두 번째로는 생물학적 기능이나 유전체 상에서의 물리학적 위치 같은 이미 알려진 정보들을 바탕으로 유전자들을 분류하고, 동일 카테고리에 속하는 유전자들을 유전자 묶음(gene set)이라고 하는 하나의 유전자 그룹으로 묶어 이를 이용해, 유전자 발현 데이터들을 분석하여 어느 묶음의 유전자들이 표현형간의 차이를 나타내는데 관여하는지를 알아보는 유전자 묶음 충실도 분석(Gene Set Enrichment Aanlysis)이라는 통계학적인 분석방법이 있다. 2000년 초에 미국 MIT 공과대학의 브로드 그룹(Broad group)에 의해 개발된 (Nature genetics 2003, vol 34 267-273, PNAS 2005, 102, 15545-15550) 이 방법의 경우, 유전자 산출물의 기능이나 유전체 상의 위치에 따른 분류 말고도, 여러 가지 기준을 가지고 유전자들을 분류하여 다양한 측면에서 유전자 묶음을 구성하였을 경우, 어느 유전자 묶음이 어느 상황에서 활성화 되는지를 통해 생명현상에 대한 보다 깊이 있는 이해에 큰 도움을 얻을 수 있지만, 분석의 핵심이라고 할 수 있는 유전자 묶음의 구성이 선행되어야 하고 사용 유전자 묶음과 분석 하고자 하는 그룹이 많아질 경우, 이를 통해 얻어진 결과들을 통합하여 생물학적인 메커니즘을 이해하는데 다시금 많은 시간이 소모된다. Second, we classify genes based on known information, such as biological function or physical location on the genome, and use gene expression to group genes that belong to the same category into a group of genes called a gene set. There is a statistical method called Gene Set Enrichment Aanlysis that analyzes the data to determine which groups of genes are involved in representing phenotype differences. Developed by the Broad group of the MIT Institute of Technology in the early 2000s (Nature genetics 2003, vol 34 267-273, PNAS 2005, 102, 15545-15550), for this method the function or genome of the gene product In addition to the classification according to the location of the images, if the genes are organized in various aspects by classifying the genes with various criteria, it is possible to obtain a great help for a deeper understanding of life phenomena by which gene bundles are activated in which situation. However, if the gene bundle, which is the core of the analysis, needs to be preceded, and the number of gene bundles and groups to be analyzed is increased, it is again time-consuming to understand the biological mechanisms by integrating the results obtained. .
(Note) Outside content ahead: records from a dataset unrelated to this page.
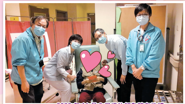
2020年11月9日梁牧師為院友洗禮

1. 感謝上主，疫情肆虐下，因應院友的特殊情況，在防方批准下，院牧部仍可以為病房中病友洗禮，上主豐盛恩典與祝福，是無遠弗屆，更跨越了環境及疫情的限制。
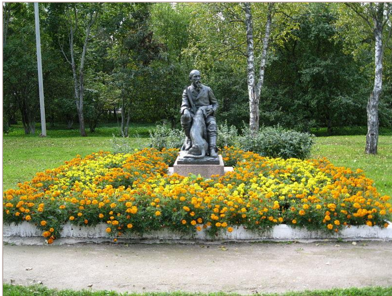
Н.А.Некрасов с любимой собакой Кадо.
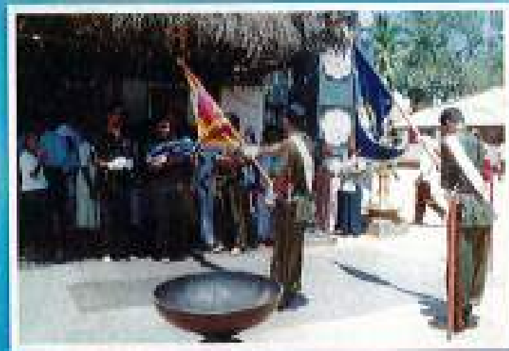
කතරගම දෙවාලය ඉදිරිපිට රෙජිමේන්තු වර්තාවලට හා බිජවලට සෙත් පැහීම.
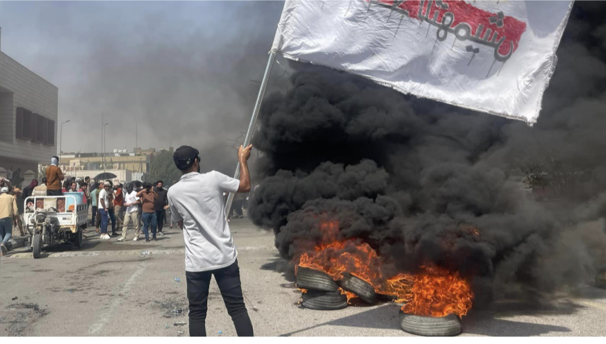
احتجاجات في ذي قار يحتجون على عدم تسليمهم بالتعيينات

راتبه التقاعدي عن 700 ألف دينار، ويشمل التقاعد الخدمة والعجز). من جانبه، قال وزير العمل والشؤون الاجتماعية أحمد الاسدي في تصريح امس ان (الزيادة ستكون على الحد الأدنى للراتب بمقدار 350 ألف دينار، ليصبح 500 ألف)، وأضاف ان (الزيادة المقررة للرواتب تبدأ من 87 ألفاً حتى 150 ألف دينار). إلى ذلك، أكد مجلس الخدمة العامة، ان (جداول موازنة العام الجاري لا تتضمن تخصيصات مالية لدرجات وظيفية جديدة. وقال
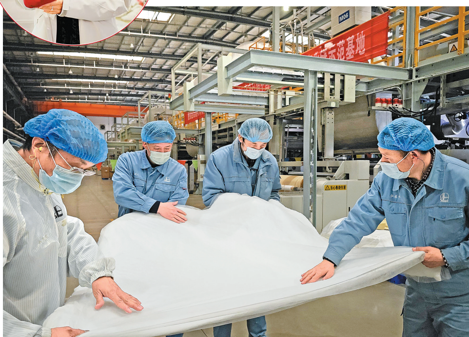
仪征化纤超细纤维保暖絮片质量。
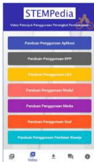
Gambar 4. Tampilan Menu Video

Selanjutnya terdapat menu kedua yaitu, menu video. Menu tersebut berisi video yang menjelaskan seluruh konten dan petunjuk penggunaan aplikasi STEMPedia . Selain itu, terdapat juga video petunjuk panduan penggunaan dari setiap perangkat pembelajaran yang ada. Sehingga selain mempelajari dengan cara melihat langsung dokumen, pengguna dapat juga mempelajari perangkat pembelajaran dengan cara menonton video.
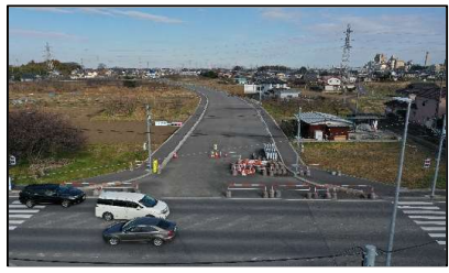
飯能寄居線バイパスと連携して災害時の緊急輸送の役割を果たします。
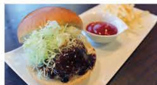
◀ジビエハンバーガー
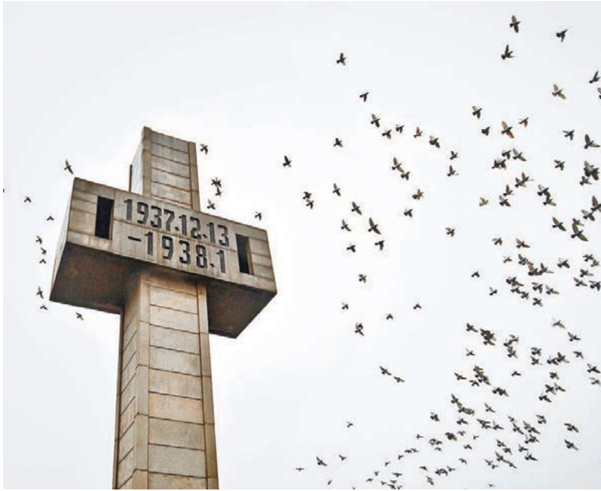
中國將南京大屠殺和慰安婦申遺，目的是要牢記歷史，珍惜和平，捍衛人類尊嚴。圖為南京大屠殺遇難者紀念碑。資料圖片

會議，審議包括上述申報在內的88項申報。據說結果將最快於4日晚在該組織網站上發佈。
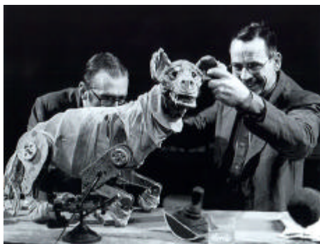
Fig. 2.2: Faustus in Africa (1994). Marionnette du chien , réali- sation: A. Kohler.

Pour ce qui est de Faust, bien qu'il soit difficile de dire qui il représente exactement, il semble incarner ce colonisateur qui aurait vendu son «âme» et qui, à travers cette cruelle aventure coloniale, écrase la notion même d'«humanité». Une idée intéressante pour la figure de Faust, en rapport avec ce qui vient d'être dit sur son apparence scénique et la constitution physique de la marionnette, pourrait être celle que le «Diable n'est pas noir, mais blanc». L'image se constituerait donc en un discours politique accusateur d'autant plus puissant que ce sont les moyens scéniques qui le réalisent.
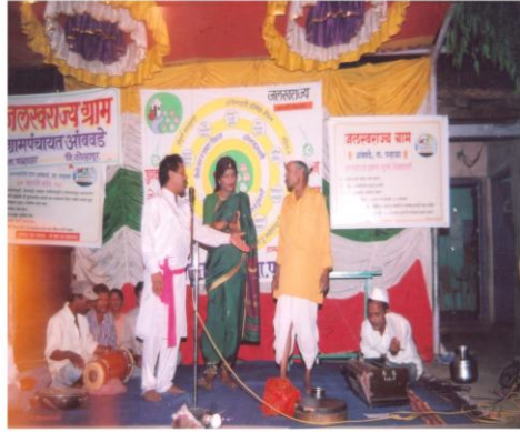
'लेक वाचवा' प्रबोधनात्मक नाट्य सादर करताना ग्रामस्थ (आंबवडे, ता. पन्हाळा)
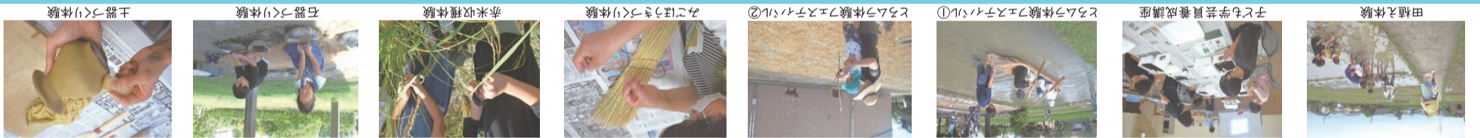
体験・イベントの様子
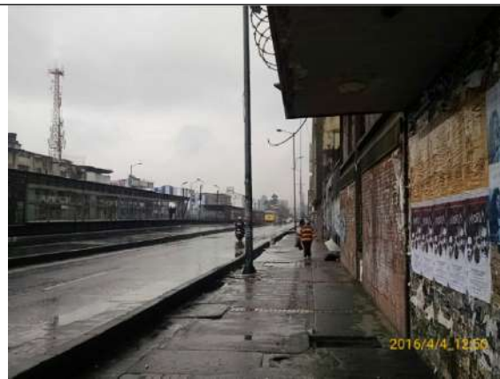
Av. Caracas con Calle 22
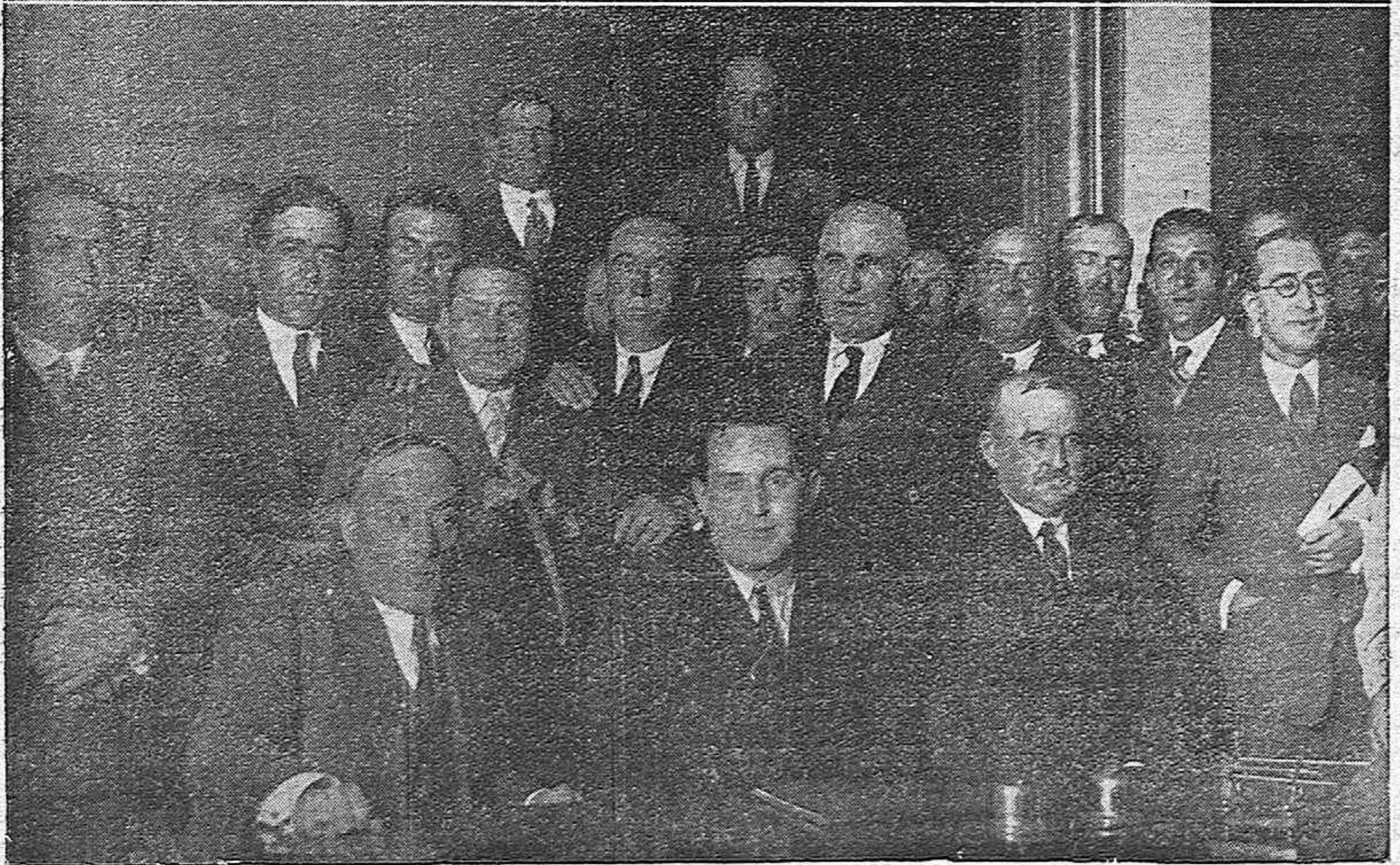
GRANADA.—Los assembleistas agrarios de Córdoba, en su visita a la Alhambra.—Presidencia de la Asamblea de Arrendatarios-Agricultores celebrada con carácter regional en el salón capitular del Ayuntamiento.
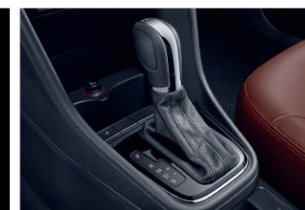
DSG七速双离合变速箱

마지막으로 미국 콜럼비아 대학의 캘리파노 실험실(Califano lab)에서 개발한 마이크로어레이 데이터로부터 세포 네트워크(cellular network)를 재구성 해주는‘ARACNe(Algorithm for the Reverse Engineering of Accurate Cellular Networks)’(nature genetics vol37, 382-390)라고 하는 리버스엔지니어링(reverse engineering) 알고리즘을 들 수 있다. 이 알고리즘은 유전자들 사이의 상호 연관성을 나타내주는 상호정보척도 값을 계산하여 주는데, 여기서 말하는 상호 정보(mutual information 이하 MI라고 한다.)란 확률 이론이나 정보이론에서, 두 개의 대상이 서로 의존적으로 나타나는 정도를 표시한 값으로 A가 나타난 정도, B가 나타난 정도, AB가 함께 나타난 정도를 비교해서 만약 A나 B가 나타난 경우는 항상 AB가 같이 있는 경우였다면, A와 B 사이에 필연적 관계가 있을 것이라고 판단 하게 해주는 근거가 되는 정보이다. 따라서 이 알고리즘은 일정한 신뢰 수준 이상의 MI 값을 가지는 유전자 쌍을 찾아내줌으로써 보다 구체적으로, 유전자들 사이의 상호작용 현상에 대한 이해를 높일 수 있도록 도와준다. 그러나 이 알고리즘을 적용한 분석이 진행되기 위해서는 결과에 대한 신뢰성 문제로 인해 원칙적으로 최소 100장 이상의 대량의 마이크로어레이 데이터가 필요하다.Finally, `` ARACNe (Algorithm for the Reverse Engineering of Accurate Cellular Networks) '' (nature genetics vol37, 382-), which reconstructs cellular networks from microarray data developed by the California College of Columbia, USA. And reverse engineering algorithm (390). This algorithm calculates a mutual information scale that represents the correlation between genes. Mutual information (MI) is referred to here as a probability theory or information theory. Compare the degree to which A appears, the degree to B, and the degree to which AB appears together. If A or B are always AB together, there will be an inevitable relationship between A and B. It is the information on which the judgment is made. Therefore, this algorithm helps to better understand the interaction phenomenon between genes by finding gene pairs with MI values above a certain level of confidence. However, in order to proceed with the analysis using this algorithm, at least 100 pieces of microarray data are required in principle due to the reliability of the results.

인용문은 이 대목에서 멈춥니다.